My goal here was to see how the training time changed when I increased the size of the problem considerably.
wordlist = list()
for(i in 1:500){
c <- sample(letters,4)
wordlist[[i]] <- paste(c[1],c[2],c[3],c[4],sep="")
}
for(i in 501:1000){
c <- sample(letters,5)
wordlist[[i]] <- paste(c[1],c[2],c[3],c[4],c[5],sep="")
}
for(i in 1001:2000){
c <- sample(letters,6)
wordlist[[i]] <- paste(c[1],c[2],c[3],c[4],c[5],c[6],sep="")
}
wordlist <- c(unique(unlist(wordlist)))
vocab <- list()
for(i in 1:200000){
xtmp <- paste(sample(wordlist,1),sample(wordlist,1),sample(wordlist,1),sep=" ")
vocab[[i]] <- xtmp
}
vocab <- data.frame(as.matrix(unlist(vocab),nrow=200000))

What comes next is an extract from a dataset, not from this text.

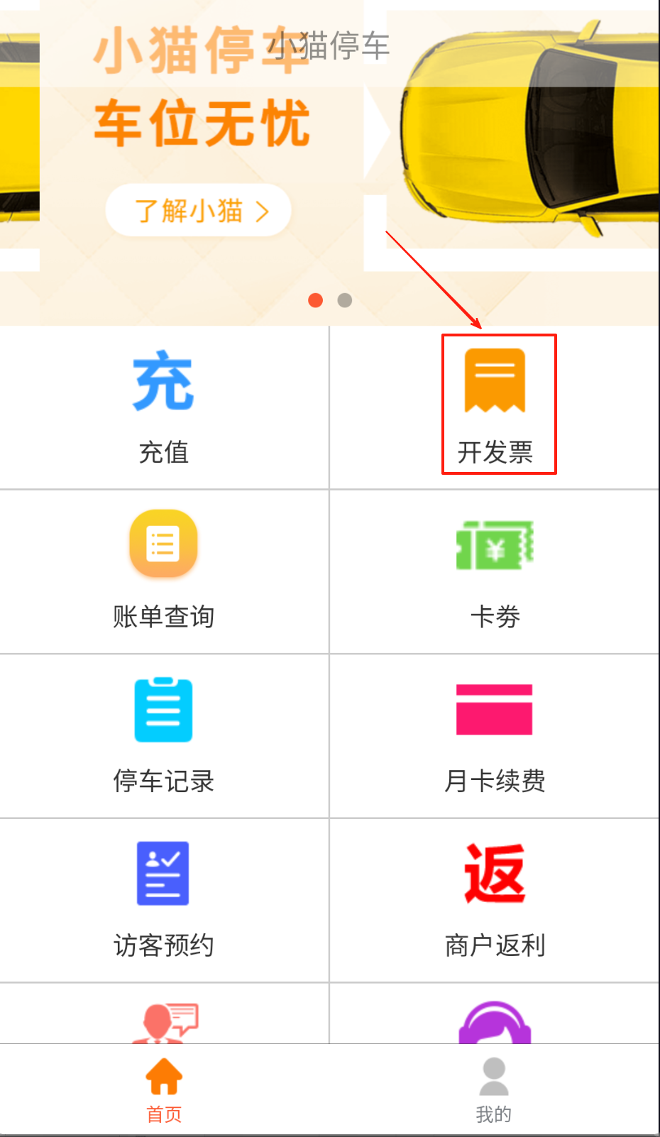 3、在小猫停车的首页点击“开发票”,也可以开发票哦。

vocab$Sent <- c(rep('positive',100000),rep('negative',100000))
names(vocab) <- c('D','Sent')
v <- data.frame(w=unique(unlist(strsplit(as.character(vocab$D)," "))))
#some intermediate vocabs
positive.docs <- strsplit(as.character(vocab$D[which(vocab$Sent=='positive')])," ")
negative.docs <- strsplit(as.character(vocab$D[which(vocab$Sent=='negative')])," ")

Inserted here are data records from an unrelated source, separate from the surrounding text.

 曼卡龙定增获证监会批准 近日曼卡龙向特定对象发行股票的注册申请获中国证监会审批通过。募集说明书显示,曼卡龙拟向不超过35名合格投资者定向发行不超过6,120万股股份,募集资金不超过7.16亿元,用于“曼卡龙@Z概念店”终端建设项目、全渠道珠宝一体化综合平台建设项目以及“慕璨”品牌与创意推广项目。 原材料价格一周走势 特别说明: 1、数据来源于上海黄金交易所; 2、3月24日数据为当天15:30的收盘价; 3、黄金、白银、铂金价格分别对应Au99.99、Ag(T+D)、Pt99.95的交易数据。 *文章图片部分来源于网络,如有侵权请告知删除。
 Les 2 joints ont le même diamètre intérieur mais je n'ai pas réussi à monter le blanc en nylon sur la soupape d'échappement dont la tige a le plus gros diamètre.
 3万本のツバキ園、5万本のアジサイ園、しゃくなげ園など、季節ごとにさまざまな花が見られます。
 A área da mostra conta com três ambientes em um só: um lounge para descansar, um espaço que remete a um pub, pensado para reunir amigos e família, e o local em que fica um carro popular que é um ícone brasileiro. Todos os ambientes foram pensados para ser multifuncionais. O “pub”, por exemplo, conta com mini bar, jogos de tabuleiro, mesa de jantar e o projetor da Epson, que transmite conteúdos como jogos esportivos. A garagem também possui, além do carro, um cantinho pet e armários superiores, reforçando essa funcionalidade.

#try a matrix with column sums version
t <- Sys.time()
z <- lapply(positive.docs,function(x)which(v$w %in% x))
#z <- matrix(0,nr=50000,nc=length(v$w))
pos.mat <- lapply(1:100000,function(x){
r=rep(0,length(v$w))
idx <- c(z[[x]])
r[idx]<-1
return(r)
}
)
pos.mat <- matrix(c(unlist(pos.mat)),nr=100000,nc=length(v$w),byrow=T)
v$n_pos <- apply(pos.mat,2,FUN=sum)
z <- lapply(negative.docs,function(x)which(v$w %in% x))
#z <- matrix(0,nr=50000,nc=length(v$w))
neg.mat <- lapply(1:100000,function(x){
r=rep(0,length(v$w))
idx <- c(z[[x]])
r[idx]<-1
return(r)
}
)
neg.mat <- matrix(c(unlist(neg.mat)),nr=100000,nc=length(v$w),byrow=T)
v$n_neg <- apply(neg.mat,2,FUN=sum)
Sys.time() - t
Time difference of 53.67482 secs
So these preliminary results here suggest I can train a Naive Bayes , Bag of Words, positive/negative classifier with 100,000 training documents and 1,000 unique words in around 20 seconds. If I double the number of unique words and double the number of training samples I increase training time to around a minute.
This makes me a little suspicious of the 15 minute training times I was getting using Python’s NLTK with 100,000 tweets and several thousand unique words in the training data.
Before closing this post out, it’s probably worth noting that my solution here of creating a matrix of 0’s and 1’s that can be summed column-wise to get class condtional word frequencies isn’t idea for scaling. I don’t know this for fact…but I’m pretty sure that R treats matricies as vectors so the theoretical limit would be something like:
\[(nrow)(ncol) < 2^{31-1}\]in practice my instance of R Studio run on a pretty powerful workstation craps out somewhere around 1,000,000 rows and 1,500 columns.
But even the least efficient case of looping over words and counting the number of documents containing that word should be relatively easy to parallelize….I’ll have to test that theory another time.